Unusual Case Reveals How Some Tumors Resist Immunotherapy

The intriguing case of a man with melanoma tumors that responded in different ways to the same checkpoint-blocking drug has yielded an important clue to the causes of resistance to immunotherapy treatments, according to Dana-Farber researchers. The findings could help guide the use of immunotherapy in individual patients.

The 74-year-old patient, described in a report in Cancer Discovery, had melanoma that had metastasized, sending cancer cells throughout the body and forming new tumors. His doctors prescribed pembrolizumab, a PD-1 immune checkpoint blocker, which unleashes the body’s immune forces against the tumors, and has been highly effective in some patients with advanced melanoma.

The researchers, led by Rizwan Haq, MD, PhD, note that immunotherapies, which have gained a central role in cancer therapy in the past few years, have “dramatically varied responses among different patients, or even among different tumors in the same patient.” The factors underlying these varied responses aren’t well understood and teasing out those factors is a major goal of the immunotherapy research field.

Rizwan Haq, MD, PhD.

An illuminating case

This patient with metastatic melanoma proved to be particularly interesting: The PD-1 blocker pembrolizumab prompted such a powerful attack by the man’s immune system that within 11 months, the tumors had disappeared — except for a single tumor on his adrenal gland that did not respond at all to the drug. This raised the question: What was different about this tumor that enabled it to escape the immune response triggered by the pembrolizumab? If the researchers could spot the difference, it might shed new light on cancer’s resistance to immune checkpoint blocker drugs.

The investigators’ strategy was to compare the genetic profile of the patient’s tumors that had responded to the pembrolizumab to the genetic profile of the single tumor that had resisted the drug. They performed whole-exome sequencing on a biopsy sample of the original tumor (which was sensitive to the drug) and on a biopsy sample of the resistant tumor.

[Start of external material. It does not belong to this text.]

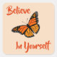Soulevez les esprits des gens avec cet autocollant d'affirmation positive inspirant. Grand comme un cadeau ou une affirmation personnelle d'estime de soi! Ce design comprend un papillon monarque orange et noir brillant et le texte "Croyez en vous".

Comparing the two genetic profiles, they found that the genomes of the original and the resistant tumors contained similar numbers of DNA mutations. But eventually they identified an important way in which the genomes differed. One of the mutations in the resistant tumor disabled the function of a known tumor-suppressor gene, FBXW7, while in the original, drug-sensitive cancer, FBXW7 was intact. Therefore, the scientists inferred, the loss of the FBXW7 gene might be what caused the resistant tumor’s ability to evade the immune system, and normal function of FBXW7 in a tumor might be necessary for the cancer to respond to PD-1 immune blockers.

To test this idea, the researchers deleted FBXW7 function in cells and in experimental animal models of melanoma. Sure enough, the studies showed that tumors lacking FBXW7 function were resistant to anti-PD-1 immunotherapy treatment. In addition, animals with tumors that lacked FBXW7 function had poorer survival. This, the authors say, for the first time “establishes a role for the tumor suppressor gene FBXW7 in anti-tumor immunity.”

Still to be determined, though, was how the loss of FBXW7 in tumor cells led to the failure of immune checkpoint inhibitor therapy. What the researchers discovered was that in the absence of FBXW7, the tumors lost their ability to respond to double-stranded RNA, which ordinarily triggers immune responses to viruses.        

“It will be of therapeutic interest to comprehensively understand the mechanisms by which the activation of viral sensing pathways promotes tumor immunity,” the authors say. “The findings provide further rationale for combining immune checkpoint blockade therapy with selected double-strand DNA or double strand RNA agonists to overcome resistance to immunotherapy in genomically defined cancer patient populations.”